Gap widens in Welsh lamb and beef performance

New figures show many Welsh lamb and beef farms struggled to meet the costs of production in the year to March 2013, but with big differences between the top and bottom performing farms.

The data comes from 550 randomly selected Welsh farms, analysed for Aberystwyth University’s Wales Farm Income Booklet 2012/13, and shows the impact on squeezed margins of increased production costs. The largest costs were feed and forage, with power and machinery the second largest. Combined these two groups accounted for more than half of the total production costs on sampled farms.

“On a gross margin basis both sheep and suckler calf enterprises made a positive return last year, although it was a significantly reduced return for sheep. When fixed costs are included, however, the picture changes markedly,” said John Richards, industry and market information officer at Hybu Cig Cymru.

The average gross margin per ewe on hill and upland farms fell by 30%. This meant a reduction of £11 per ewe to £40 on hill farms compared to the previous year. On lowland sheep farms, the gross margin declined by 20% to £53.33 a ewe, mainly because output fell by between 6-13% while costs increased by between 10-14%.

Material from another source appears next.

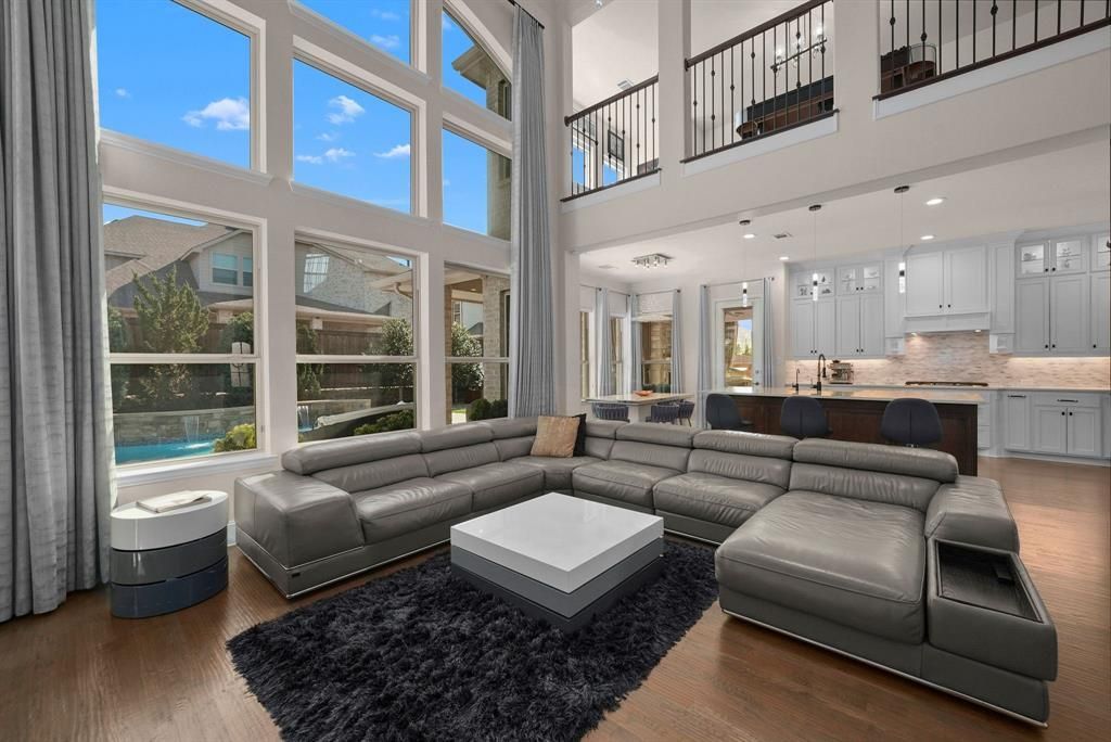 Thoughtfully designed and extensively upgraded, this stunning two-story home at 2353 Flat Creek offers exceptional space, functionality, and high-end finishes throughout. A striking brick and stone elevation with manicured landscaping and a front-entry driveway sets the tone for what awaits inside. The open foyer features rich wood flooring, a sweeping staircase, and seamless flow into the main living areas. The main level showcases a private study with built-ins and double doors, an elegant dining space with accent wall detailing, and a spacious living room highlighted by soaring ceilings, abundant natural light, and a stone-surround fireplace. The chef’s kitchen is equipped with quartz countertops, a large island, KitchenAid appliances including double ovens and gas cooktop, farmhouse sink, walk-in pantry, and designer lighting, all opening to a bright breakfast nook with backyard views. A generously sized primary suite offers a relaxing retreat with backyard views, custom finishes, and a spa-inspired bath featuring dual vanities, soaking tub, oversized walk-in shower, and a fully built-out closet. An additional bedroom with en-suite bath, utility room with built-in mud area, and multiple garage spaces—including EV charging—complete the first floor. Upstairs provides incredible flexibility with a large game room, additional open living space, and a fully equipped media room. Secondary bedrooms are well-sized with ample storage, including a Jack-and-Jill layout and an additional full bath. The backyard is an entertainer’s dream, featuring a covered patio with fireplace, built-in outdoor kitchen, mounted TV, and fans. The resort-style heated pool and spa with water features, putting green, and thoughtfully designed landscaping create a private outdoor oasis. Phillips Creek Ranch is a peaceful, family-friendly neighborhood in Frisco, TX, known for its well-maintained homes, excellent schools, and community amenities including parks and pools.

Only 59% of production costs for suckler calves, including cow and calf costs up to weaning, were covered by business returns. “When comparing suckler farms in the top and bottom third it is noticeable that those in the bottom third have production costs which are more than double those in the top third,” said Mr Richards.

“A contributing factor to this would be that those in the top third produce 15% – or 36kg – more beef per cow than those in the bottom third. Since March, however, we have seen lamb and beef market prices consistently above last year levels while many significant costs such as feed, fuel and fertiliser have levelled out.”